[Start of Attachment]
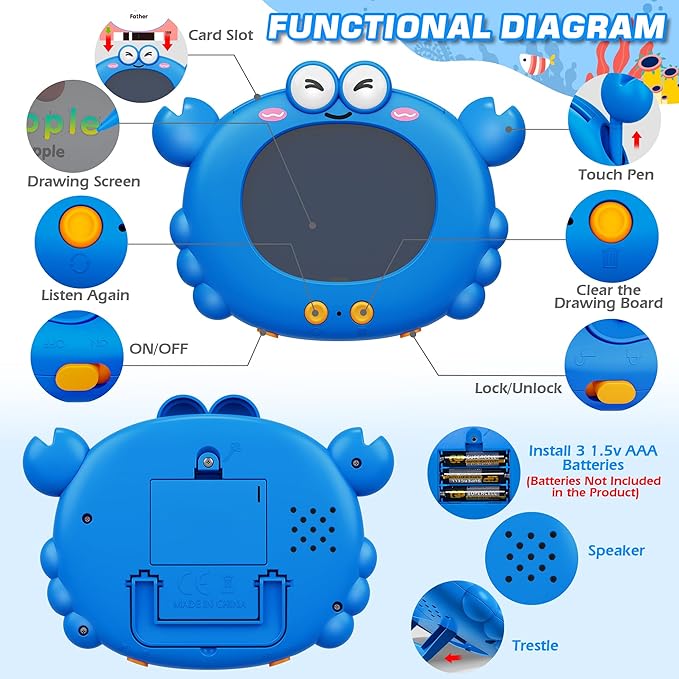 - Easy to use:Just turn it on, insert the card, and it will read aloud. The unique one-button cycle function allows for repeated listening without reinserting the card. Plus, the crab's pincers can be detached and used as a pen for writing letters, drawing, and other activities, making learning fun and interactive for children. Perfect for daily use at home or in educational settings.
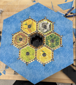 Finally, we also finished the visual design: gluing down the printed resource images on each tile and adding the blue water background to make the board match the real Catan aesthetic.
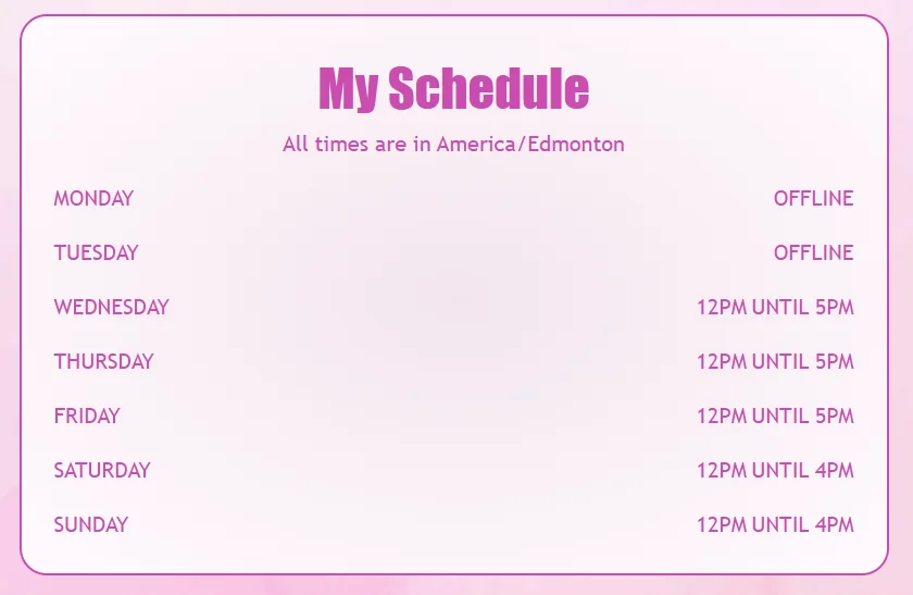 Кулинария, Косплей, Грязные разговоры, Засвет, Фут-фетиш, Шлепки, Стриптиз, Тверкинг, Под юбкой, Ахэгао, Топлесс, Минет, Глубокая глотка, Эротические танцы, Кончить на лицо, Дилдо или вибратор, Секс-игрушки, Оргазм, Мастурбация, Мастурбация пальцами, Раком, Поза наездницы, Верблюжья лапка, Кляп, Йога, Рейтинг члена, Унижение, Инструкция по дрочке, Ролевые игры, Госпожи, Каблуки, Между грудей
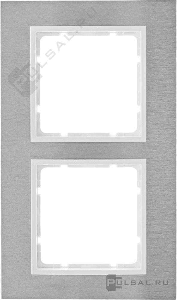 Рамкa B.7, 2 поста, цвет - нержавеющая сталь, белый матовый, металл
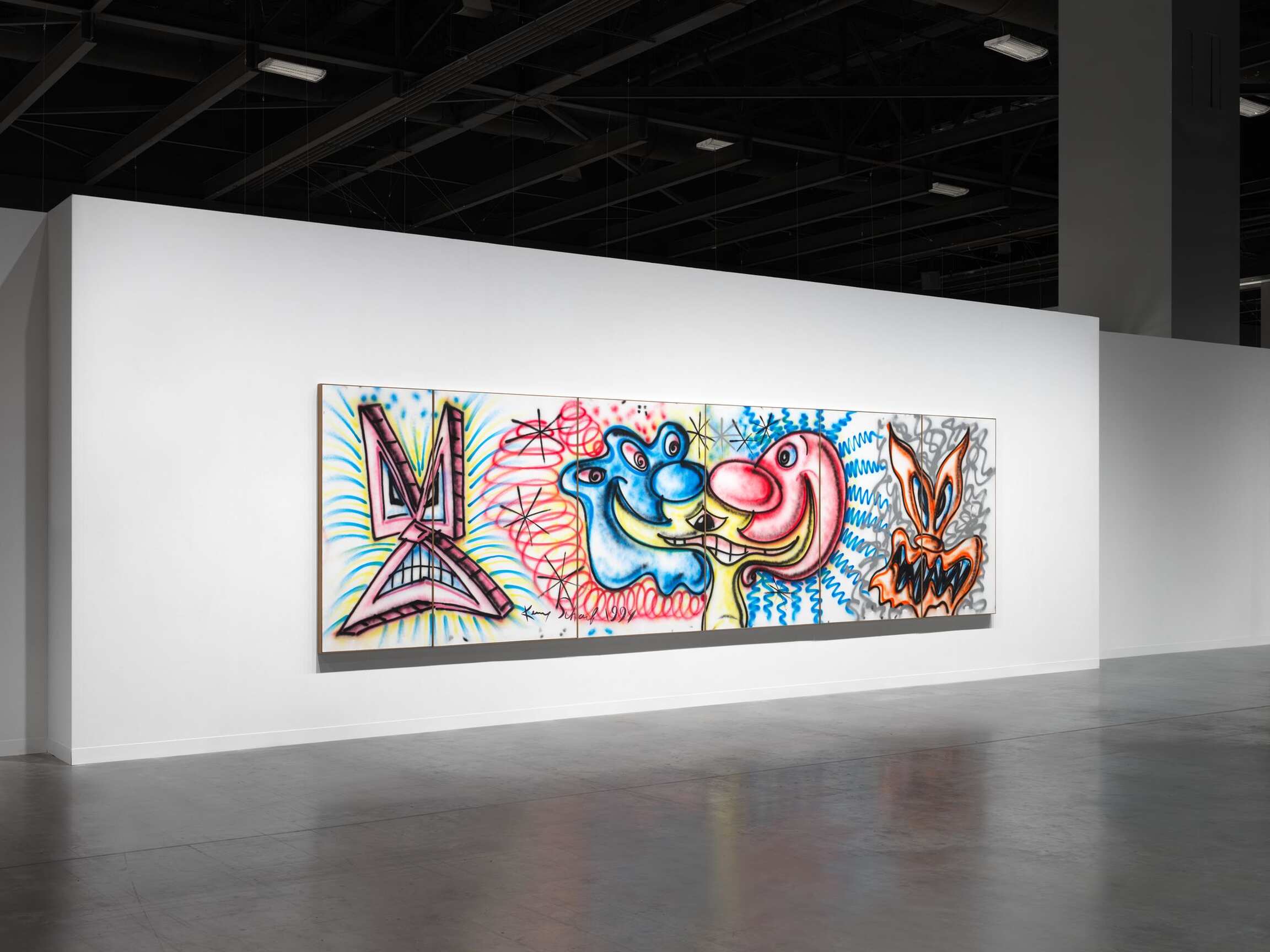 In the Meridians Sector, Almine Rech is pleased to present a historical work by Kenny Scharf (b. 1958, Los Angeles) created in Belgium in 1994. This large-scale spray painting on wood measuring nearly seven meters in length is executed in the spontaneous and playful style associated with wall graffiti.
[End of Attachment]
◆ **EXERCISE DIRECTIONS**
What's needed is every line above, retyped exactly and free of pictures.

◆ **RESULT OF THIS TASK**
 - Easy to use:Just turn it on, insert the card, and it will read aloud. The unique one-button cycle function allows for repeated listening without reinserting the card. Plus, the crab's pincers can be detached and used as a pen for writing letters, drawing, and other activities, making learning fun and interactive for children. Perfect for daily use at home or in educational settings.
 Finally, we also finished the visual design: gluing down the printed resource images on each tile and adding the blue water background to make the board match the real Catan aesthetic.
 Кулинария, Косплей, Грязные разговоры, Засвет, Фут-фетиш, Шлепки, Стриптиз, Тверкинг, Под юбкой, Ахэгао, Топлесс, Минет, Глубокая глотка, Эротические танцы, Кончить на лицо, Дилдо или вибратор, Секс-игрушки, Оргазм, Мастурбация, Мастурбация пальцами, Раком, Поза наездницы, Верблюжья лапка, Кляп, Йога, Рейтинг члена, Унижение, Инструкция по дрочке, Ролевые игры, Госпожи, Каблуки, Между грудей
 Рамкa B.7, 2 поста, цвет - нержавеющая сталь, белый матовый, металл
 In the Meridians Sector, Almine Rech is pleased to present a historical work by Kenny Scharf (b. 1958, Los Angeles) created in Belgium in 1994. This large-scale spray painting on wood measuring nearly seven meters in length is executed in the spontaneous and playful style associated with wall graffiti.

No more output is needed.